For fractures in the mandibular angle, the treatment of choice was to apply one plate through the intraoral approach. In unfavorable fractures two plates were applied through the transoral approach in order to stabilize the bone fragments.
Fractures in the ramus mandible were treated using two plates using an extraoral approach. Coronoid fracture treatment consisted of the removal of the fragment containing the coronoid process.
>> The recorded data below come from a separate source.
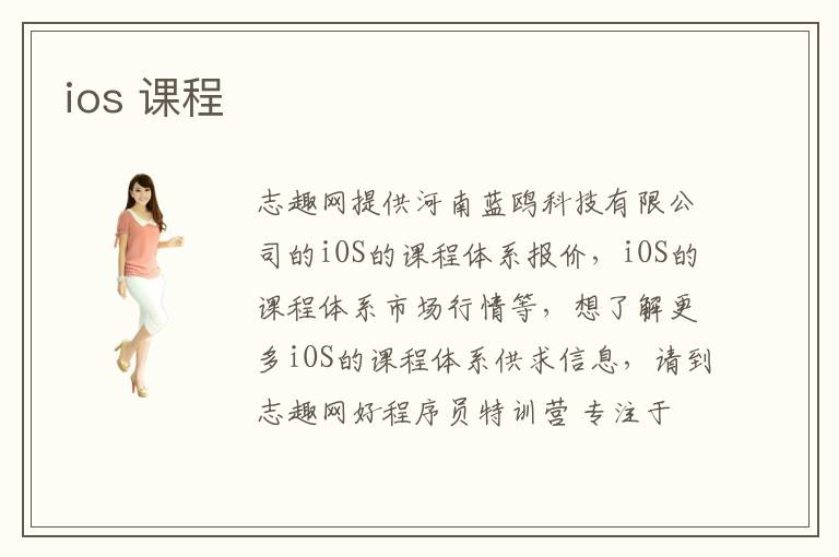 志趣網(wǎng)提供河南藍(lán)鷗科技有限公司的iOS的課程體系報價,iOS的課程體系市場行情等,想了解更多iOS的課程體系供求信息,請到志趣網(wǎng)
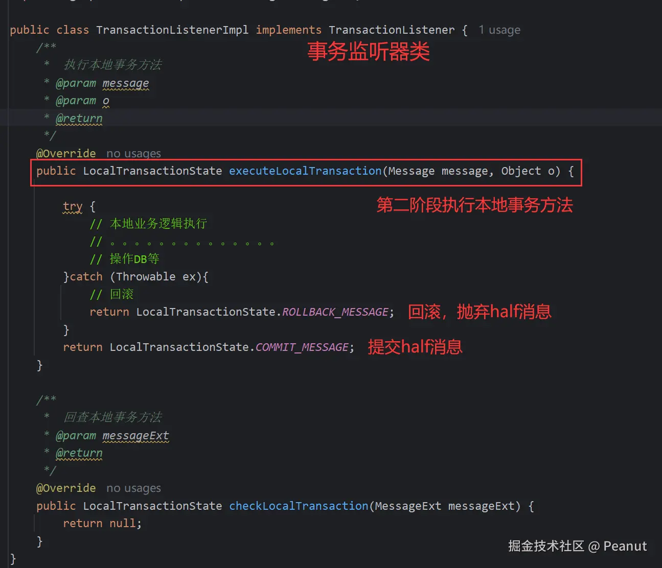 executeLocalTransaction方法,在这个方法中可以执行本地事务(比如业务逻辑,落库相关的操作)。根据方法返回参数判断第二阶段是提交还是回滚。
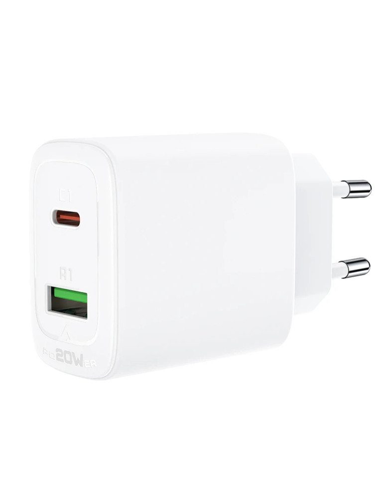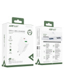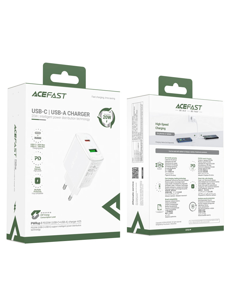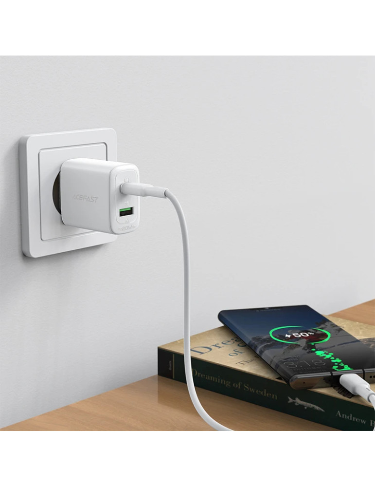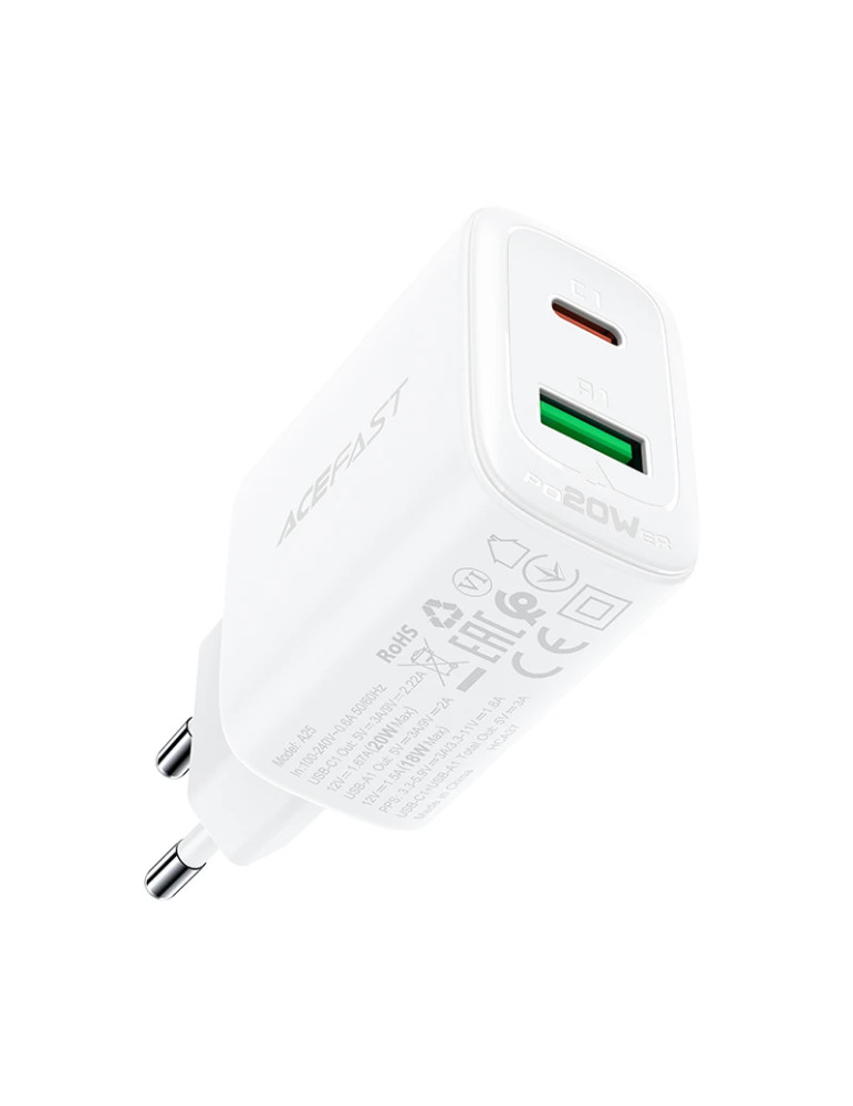 Универсално зарядно за стена Acefast Charger Wall GaN PD20W - A25 - USB-C x 1, USB-A x 1, White - ACEFAST-A25-WH
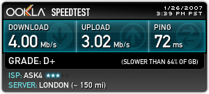 Well, this is disappointing. I'm currently subscribed to an SBC DSL Elite line, getting between 6-8mb/down and about 700K/up.
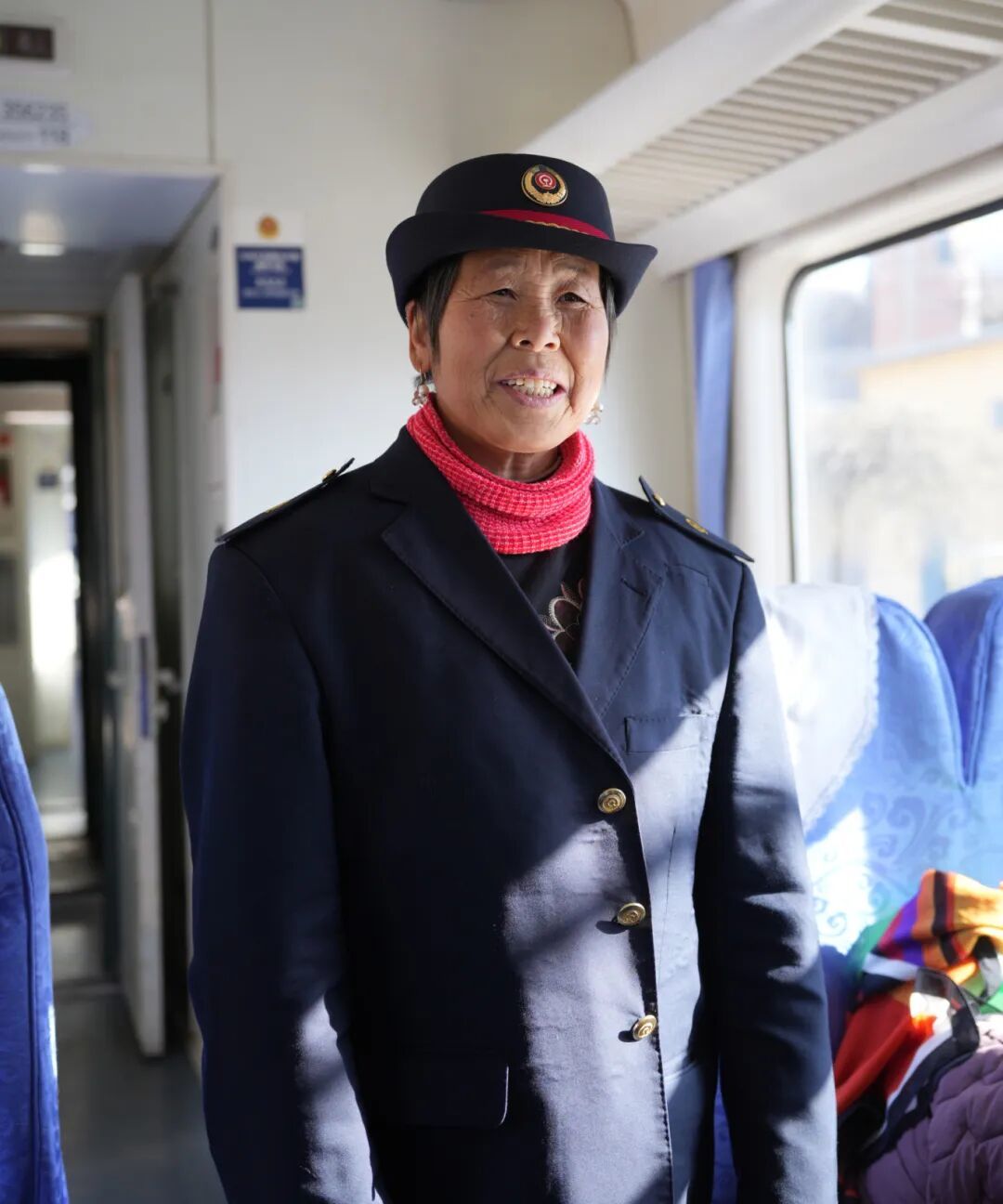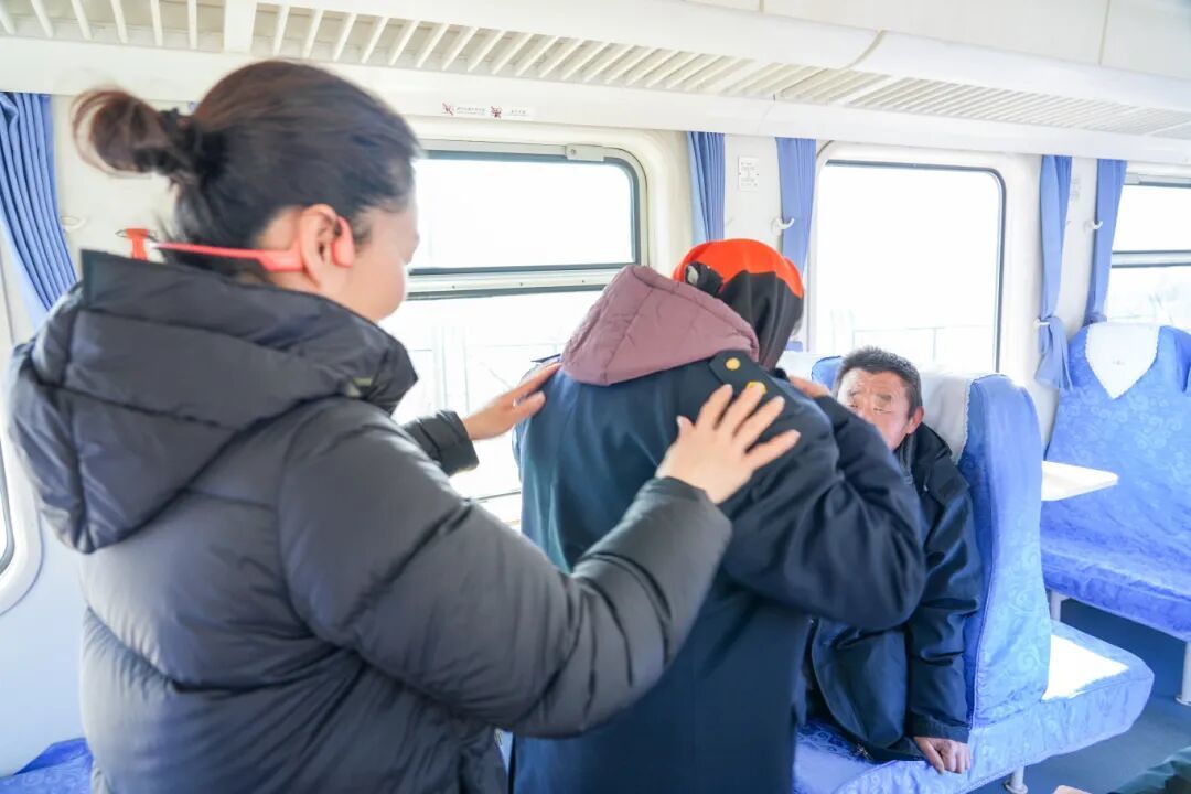 照完相,郭大娘久久不舍得脱下这身衣服,摸摸扣子,拉拉衣角,眼里漾着光。半个多世纪的光阴里,这趟车叮叮当当穿过山川,也穿过了她的一生。如今,这个朴实而遥远的心愿,就在这个冬日,被一群亲切的铁路人轻轻点亮。
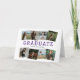 Veja seu graduado de um ângulo completamente diferente! O design do convite tem espaço para oito fotos quadradas na frente, cada uma colocada em um ângulo enviesado, e mais uma grande foto dentro. O modelo usa fotos verticais cortadas em quadrados. A frente exibe a palavra GRADUADO com uma linha abaixo para o nome. O interior inclui espaço para mais uma foto e texto para compartilhar os detalhes do evento, e uma seção no verso para compartilhar planos futuros. Disponível nas cores escolares preto, vermelho, laranja, verde, azul, roxo, grená e laranja queimado.
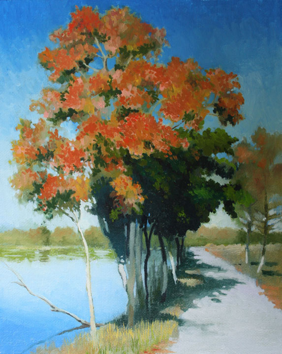 It is 4:30 pm, bright and hot outside. Suddenly I heard the sander. Of course I rushed outside. Very masculine white cloud is growing rapidly against the most beautiful blue sky. It is summer. The tv said that there are 20% chance of rain today. It is very strange that I was painting autumn tree inside.
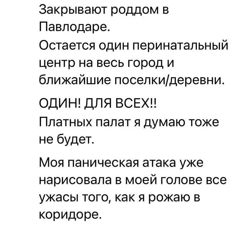 Управление заверило, что областной перинатальный центр готов обеспечить необходимую помощь пациенткам. Также в регионе продолжают работать родильные дома в Аксу, Экибастузе и при всех районных больницах.
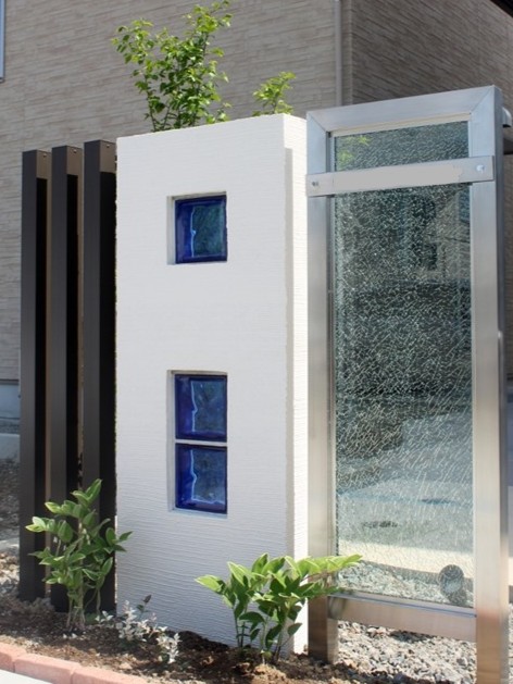 ガラスブロックは厚みのあるガラスで、存在感がありとてもおしゃれな門柱になります。
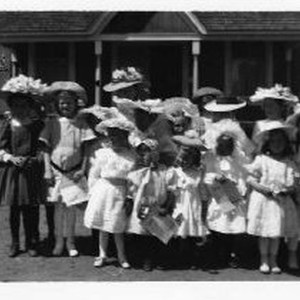 Group of young girls pose in their Easter bonnets and dresses.

For condylar fractures, both surgical and non-surgical treatments were applied. The surgical treatments were applied in adult patients who had occlusion changes and subcondylar fractures, as classified by L indhal . In cases where surgery was indicated, the extraoral approach was used. Non-surgical therapy was the treatment of choice in children and in adults with condylar head fractures with stable occlusion. The non-surgical treatment consisted of clinical follow-up, 2 weeks of a soft diet, and physiotherapy until recovery of the normal mandibular function was achieved. Of the 57 condylar fractures, 13 non-surgical treatments were applied.
284 plates were used in the treatment of the mandibular fractures. The fixation system most commonly used was the 2.0-mm system, accounting for 252 plates (89%), followed by 21 plates (7%) from the 2.7-mm system, 6 plates (2%) from the 2.4-mm system, and 5 plates (2%) from the 1.5-mm system. The 1.5-mm system was never used alone and was always combined with other systems in order to improve bone fragment stability.
With the exception of fractures in the angle, in most cases two plates were used as a bone fixation technique. The plate positioned on the tension band of the fracture was fastened monocortically, while the plate positioned on the compression band was fastened bicortically.
In this study, antibiotic therapy was applied during the preoperative period only in cases with multiple mandibular fractures, extensive lacerations, and association with non-facial fractures. Prophylactic antibiotic therapy was applied in all cases, starting at the beginning of surgery during the intraoperative period. Antibiotics were not routinely administered in the postoperative period. Antibiotics were prescribed in the postoperative period in the same cases that received antibiotics during the preoperative period and when the surgical treatment was performed more than one week after the day of injury. 66 patients (52%) did not receive antibiotic therapy during the postoperative period, while the remaining 60 (48%) did.
Sensorial mental nerve dysfunction was the most common transient complication, affecting 28 patients (23%), of whom 11 (9%) had this complication on the right side, 11 had it on the left side (9%), and 6 patients (5%) were affected on both sides.
Infection was observed in 10 patients (8%); 8 male and 2 female. By cross-checking the data collected on infection and etiology, it was observed that 4 cases (40%) of violence and 6 cases (60%) of traffic accidents developed infection.
A salivary fistula occurred in one patient (1%). Postoperative evaluation was lacking for 10 patients (8%) because they did not return for follow-up evaluation.